- Born: August 10, 1995 (age 31) Hyderabad, India
- Occupation: Educationalist
- Title: Double Guinness World Records Holder Gold Medal in (Kids Category) World Memory Championships Youngest CA Double Post-Graduate
- Website: https://nischalsworld.com

= Nischal Narayanam =

Indian child prodigy and chartered accountant

Nischal Narayanam is an Indian child prodigy and India's youngest chartered accountant.
He completed his post-graduation in mathematics & commerce at the age of 19 from Osmania University, Hyderabad.
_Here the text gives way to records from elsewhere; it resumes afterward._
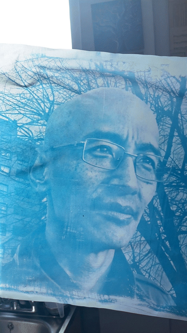 I used sunlight to expose these cyanotype portraits. Sunlight is a certain frequency, and we see different frequencies of light than insects do for example. They see differently, they have a different reality. I will stop there before I start talking about alternate realities!
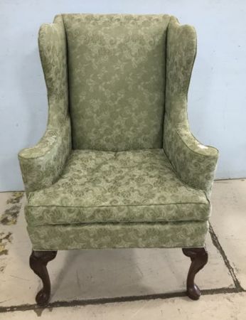 Queen Anne Green Satin Down Filled Wing back Chair, good condition, 43"h. Queen Anne Green Satin Down Filled Wing back Chair, good condition, 43"h.
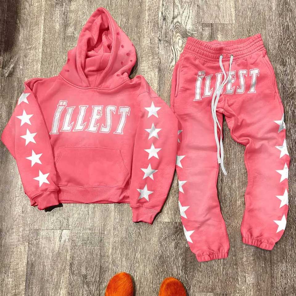 Men's Custom Screen Printing Zipper up Hoodie Sweatshirt and Joggers Pants Flared Trousers Mens Tracksuit Sweatsuit
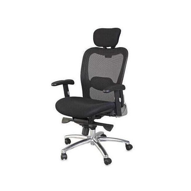 <b>Especificações:</b>Peso suportado: 120 Kg Elevador: Pistão a gás, giratóriaEnchimento: Espuma injetadaAjuste do encosto: Regulagem na lombar, sistema excêntrico, encosto de cabeça com regulagemMateriais: Encosto em tela, base ade alumínio, braços em P.U, rodízios em nylonBraços reguláveis
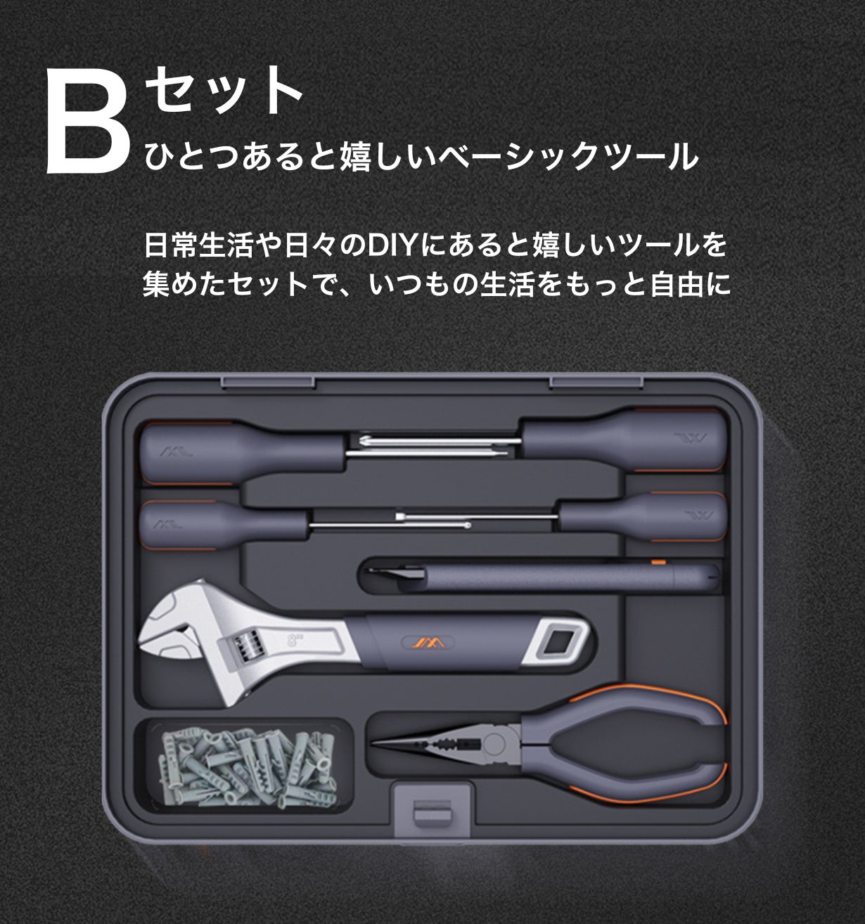Bセットは、多様なDIYプロジェクトに必要なさまざまなツールを提供します。簡単なグリップのためのモンキーレンチ、多目的なグリップポイントを備えたロングノーズプライヤー、リモデリングタスク用のドライウォールネジとプラスチックアンカー、簡単な刃の交換が可能なカッターナイフなど、さまざまなプロジェクトに自信を持って取り組むことができます。
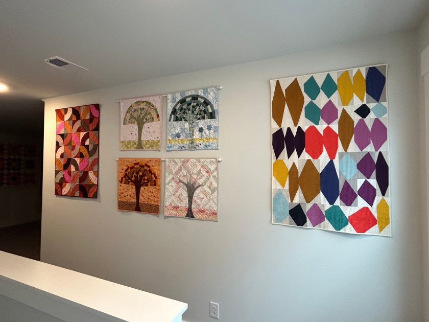 I measured from the ceiling down to line up the quilts below. And for the 4-season trees, I used matching white rods–and when the top two were hung on their rod, I used my long leveler (about 3 feet) to place the vertical placement of the lower rod so it was in line with the top rod and its nails.
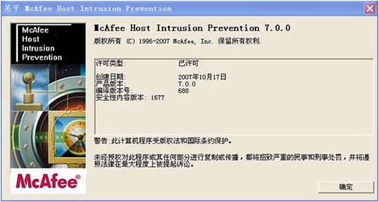 漢化者聲明:此漢化是根據(jù)《著作權(quán)法》有關(guān)規(guī)定,出于個(gè)人研究和學(xué)習(xí)目的,對(duì) McAfee 官方免費(fèi)提供試用的 HIP 7.0 的外掛語(yǔ)言文件中部分文字(外殼)進(jìn)行了翻譯,屬合理使用行為。禁止任何人將此用于非正版軟件或商業(yè)用途
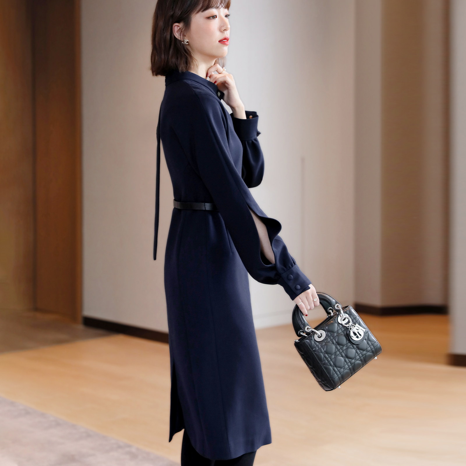 Elegant 100 hitch a fork lantern sleeve Ocean dress 2022 Fall new temperament commute cashew slim middle long dress
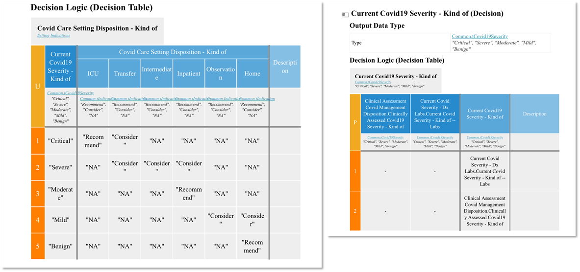 The clinical or SME knowledge engineers (SME KE) actively participated in many of the guideline development conversations and reviewed even the earliest drafts of the evidence reviews and initial iterations of the severity classification and recommendations. In an iterative and incremental fashion, SME KE elicited structured and more explicit information related to the severity classification and disposition recommendations, decision logic, and high-level implications for clinical workflow, the orchestration and decision logic for the strategies, and overall pathway and captured this knowledge in a structured template.
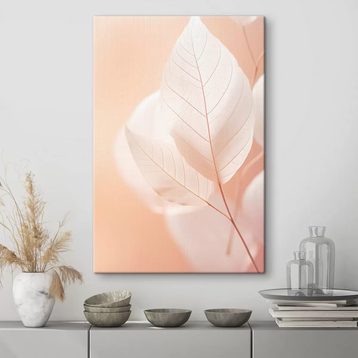 Obraz Delikatne, półprzezroczyste liście ze skomplikowanymi wzorami żył, miękkie brzoskwiniowe tło, minimalistyczna kompozycja botaniczna s45555
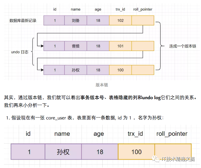 事务每次开启前,都会从数据库获得一个自增长的事务ID,可以从事务ID判断事务的执行先后顺序。这就是事务版本号。
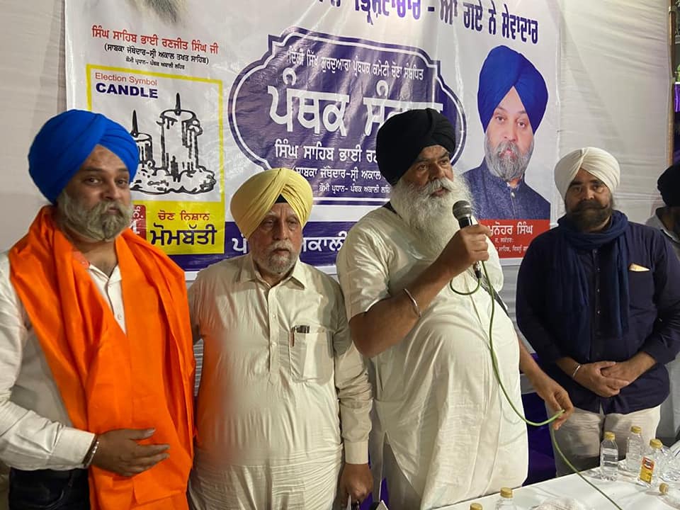 21 ਮਾਰਚ ਦਿਨ ਐਤਵਾਰ ਨੂੰ ਵਾਰਡ ਨੰਬਰ 24, ਰਵੀ ਨਗਰ (ਵਿਸ਼ਨੂੰ ਗਾਰਡਨ) ਵਿਖੇ ਸ੍ਰੀ ਅਕਾਲ ਤਖ਼ਤ ਸਾਹਿਬ ਦੇ ਸਾਬਕਾ ਜਥੇਦਾਰ ਅਤੇ ਪੰਥਕ ਅਕਾਲੀ ਲਹਿਰ ਦੇ ਪ੍ਰਧਾਨ ਸਿੰਘ ਸਾਹਿਬ ਭਾਈ ਰਣਜੀਤ ਸਿੰਘ ਨੇ ਬਹੁਤ ਪ੍ਰਭਾਵਸ਼ਾਲੀ ਇਕੱਠ ਨੂੰ ਸੰਬੋਧਨ ਕੀਤਾ। ਇਸ ਮੌਕੇ ਤੇ ਸੰਗਤਾਂ ਦੀ ਮੰਗ ਅਨੁਸਾਰ ਸਰਦਾਰ ਮਨੋਹਰ ਸਿੰਘ ਨੂੰ ਵਾਰਡ ਨੰਬਰ 24 ਤੋਂ ਪੰਥਕ ਅਕਾਲੀ ਲਹਿਰ ਵਲੋਂ ਉਮੀਦਵਾਰ ਐਲਾਨਿਆ ਗਿਆ।
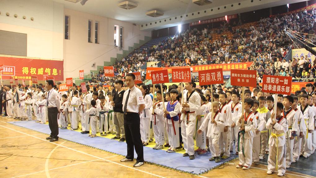 本站讯 4月30日上午,2013年河南省中小学生跆拳道锦标赛开幕式在郑州市体育馆隆重举行。本届锦标赛由河南省学生体育总会跆拳道协会主办、河南省跆拳道运动协会承办。来自全省中、小学校及跆拳道俱乐部53个代表队的近1200名参赛运动员报名参加了本次比赛。
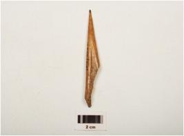 | Description / विवरण | A bone point one end sharp pointed, another ebd damaged, polished surface and a natural groove in a side. |

He is the Youngest Double Guinness World Record holder (in the field of Memory) at the age of 13. At the age of 12 he become a World Memory Champion. He is among the recipient of “National Child Award”, Gold medal (President Award, the highest honour given by the Government of India for children under 15 years of age).

==Early life==

Born to N.Nageswara Rao (Industrialist) and Dr.N.Padmavathy (Academic), Nischal had a passion in the field of Mathematics and Commerce from an early age. Narayanam completed his early Academic VIII, IX, X, XI and XII (IGCSE, AS and A levels) all in 'One Academic Year' from the Cambridge University, London.
At the age of 16, Nischal got his bachelor's degree in Commerce and earned the distinction of 'Youngest Graduate' from 'Osmania University', Hyderabad.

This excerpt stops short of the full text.